But Does it Really Matter?

By Anitra D. Brown
The New Orleans Tribune


The Orleans Parish School Board (OPSB) voted today (March 30) to select Dr. Avis Williams as the next superintendent of public education, making her the first woman chosen to serve as the permanent superintendent for the District.

Williams and OPSB are now expected to work our the terms of a contract before her formal appointment.

The Board wasted little time to making its decision after having only announced finalists for the post last week.

“(Dr. Williams) has a good background, but that’s not the issue. Until we deal with the elephant in the room, it doesn’t matter who the superintendent is. Act 91 is the elephant in the room. The superintendent could be great, but even she can’t interfere with local school business because of Act 91.”

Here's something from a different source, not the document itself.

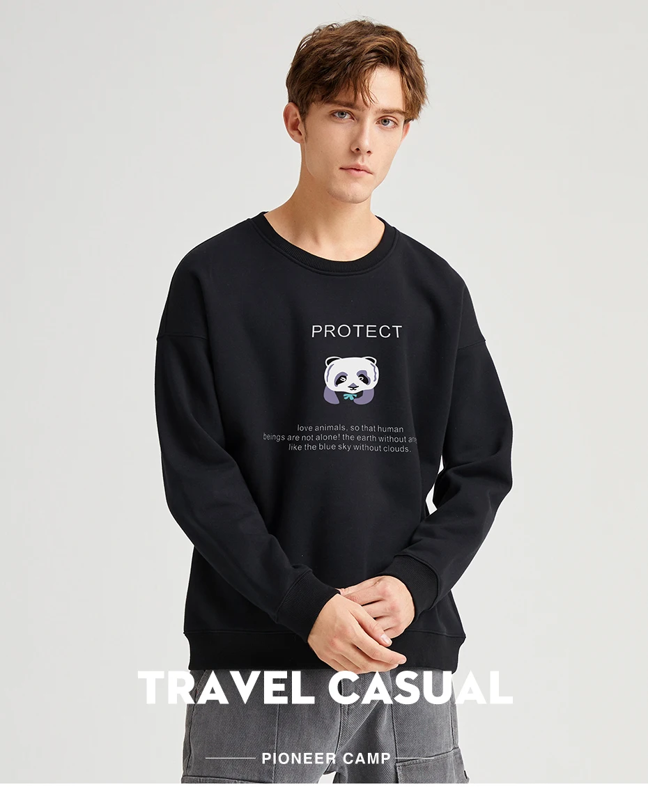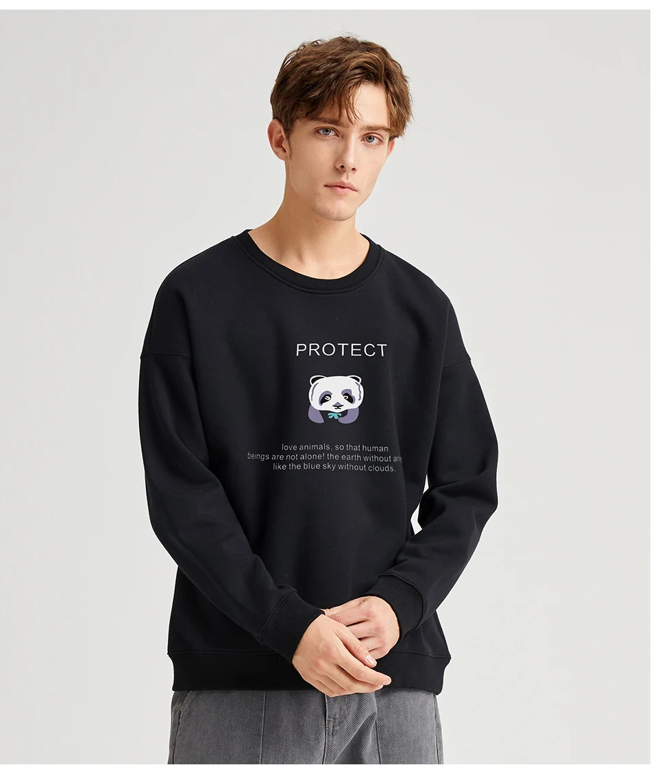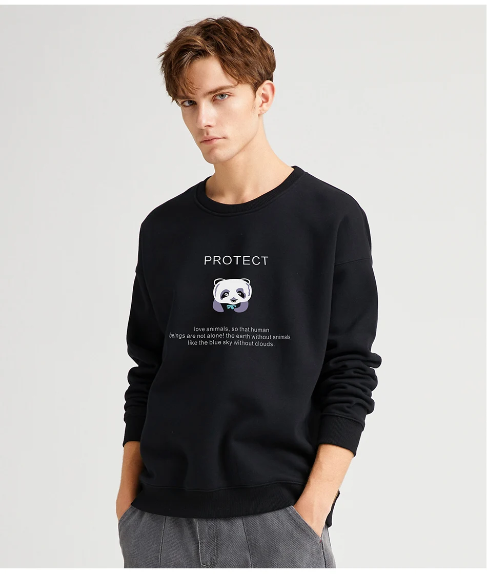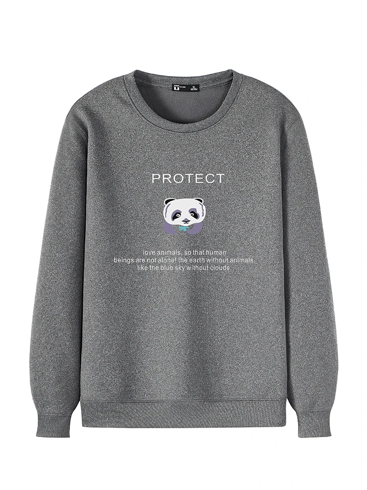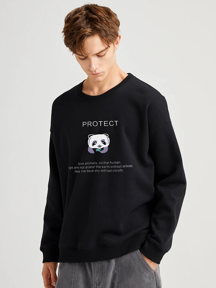 Свитшот мужской зимний с круглым вырезом и принтом панды

Author, veteran educator and public Education Advocate, Dr. Raynard Sander

In the weeks leading up to the naming of finalists, several local education advocates expressed concern about search results and began a petition urging the Board to start from scratch and to include more direct input from the public. Specifically, critics of the search and its results took issue with the fact that not one of the top three finalists were from New Orleans.

Concerned residents also wanted more assurances that the final candidates’ educational philosophies and plans were aligned with a return to neighborhood schools and with ending the all-charter school system that has emerged from the state’s post-Katrina takeover of public education in New Orleans.

Dr. Raynard Sanders, a veteran educator, administrator, author and public education advocate who has been a vocal critic of the direction public education has taken since Hurricane Katrina, says that those issues were indeed among reasons he signed the petition.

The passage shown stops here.